Thursday, April 8, 2010

Seder Night in Mitzpe Ramon - We Were Personally Delivered from Egypt

This was a distinguished Seder for us for a number of reasons. It was our first in Israel; it was the first single Seder in our lives; and it was the first Seder away from family and friends in the US. In anticipation, having only a single Seder seemed like doing the high wire act without a net - no second chances. We could always answer the question, "Did you get out of Egypt," with the promising, "Not yet, but tomorrow night!" But in Israel - there would be no tomorrow night. One Seder - then finished.

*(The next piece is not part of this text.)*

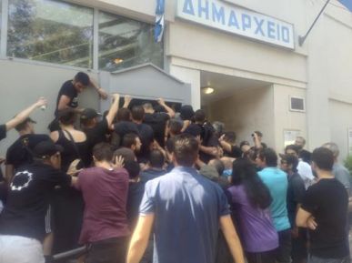 Επίσης, στις 22 Αυγούστου, ημέρα που ήταν προγραμματισμένη η συνεδρίαση της οικονομικής επιτροπής για την επικύρωση της δημοπρασίας ενοικίασης έκτασης του Δήμου στην εταιρεία των αιολικών πάνω από 100 αγωνιστές και αγωνίστριες συγκεντρώθηκαν έξω από το δημαρχείο και στη συνέχεια επιχείρησαν να μπουν σε αυτό ώστε να ματαιώσουν την προγραμματισμένη διαδικασία. Για ακόμα μια φορά βρέθηκαν αντιμέτωποι με τις αστυνομικές δυνάμεις οι οποίες απάντησαν με ξύλο και χημικά. Μετά την επίθεση της αστυνομίας, η συγκέντρωση ανασυγκροτήθηκε μπροστά στην είσοδο του δημαρχείου και το κρατούσε αποκλεισμένο για να μην μπουν μέσα τα υπολειπόμενα μέλη της οικονομικής επιτροπής και ξεκινήσει η διαδικασία. Μετά από κάποια ώρα και αφού έγινε γνωστό στους συγκεντρωμένους ότι η διαδικασία έχει ματαιωθεί εξαιτίας «συνθηκών ανωτέρας βίας» πραγματοποιήθηκε μαζική πορεία στο κέντρο της πόλης.

As it turned out -- we got out of Egypt. Having only a single Seder concentrates the mind wonderfully, and you don't have to worry about what you're going to say or do on a second night that's different from the first. ("Why is this second night different from all others?")

We usually went to my brother and his family in St. Louis for our Seders. In addition to the 10 of our immediate families there would also be many guests, making the Seder a large and lively affair. We were originally going to just be the five of our immediate family, Pam and I, Chavie, Donny and Yair, but Rabbi Slonim, the Chabad shaliach in Mitzpe Ramon, asked us to take an elderly Russian couple. At first I feared that they only spoke Russian, which would have made a Seder with them a bit weird, since the telling of the Seder story and its commentary is the central part of the night. But as it turned out they also spoke pretty good Hebrew, so Chavie was able to act as translator.

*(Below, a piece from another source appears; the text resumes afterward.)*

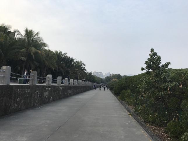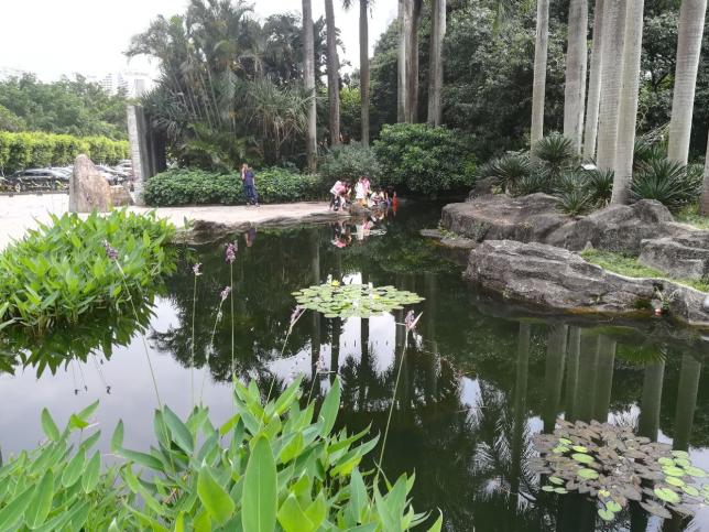 公园南区建有以棕榈科植为主的、具有热带、亚热带风光的8万平方米的椰风林大草地,为游人提供了环境优美的活动空间可3万平方米的人工湖水质清澈 、环境优美,给公园增添了灵气,使游人享受划船和垂钓的乐趣。

I would say that the theme of our Seder was "In every generation each individual is obliged to see himself or herself as if s/he personally were delivered from Egypt."  This goes hand-in-hand with the Hagaddah proclamation that "In every generation they rise up against us to destroy us." When I was young I thought that this was an unwarrantedly negative perspective, but as I got older I realized that the western world, having slaked itself on Jewish blood during the Holocaust, was simply taking an after dinner nap, waiting to be roused and drink again.

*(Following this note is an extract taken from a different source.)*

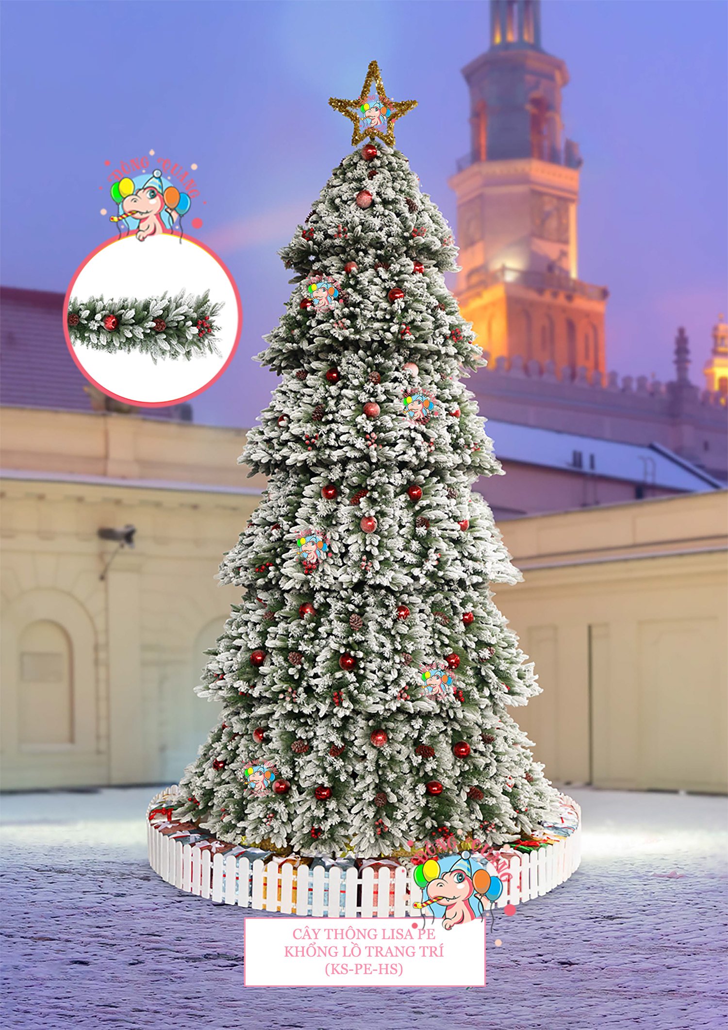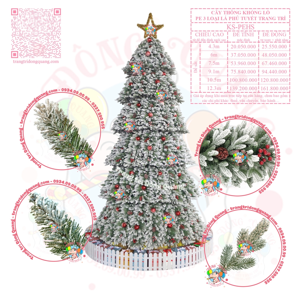 - Chất liệu: 3 loại lá PE, PVC đầu nhọn phủ tuyết cao cấp, châu, trái thông, cherry.

Of course, for those in other lands, the blood lust never ended. Our guests were from Russia, and they had been delivered from Communism when coming to Israel. And we had already met other Indian, Ethiopian, Iraqi, Iranian, and Yemenite Jews who were spirited away to safety in Israel. But Theodore Herzl could never have imagined that the promised land he reimagined as a security for the despised Jews of other lands would itself come to be treated as a pariah state by the other nations of the world, who longed to destroy it or would stand silently by while others did, heaping the most odious calumnies on it that would make the blood libels of Europe seem tame by comparison.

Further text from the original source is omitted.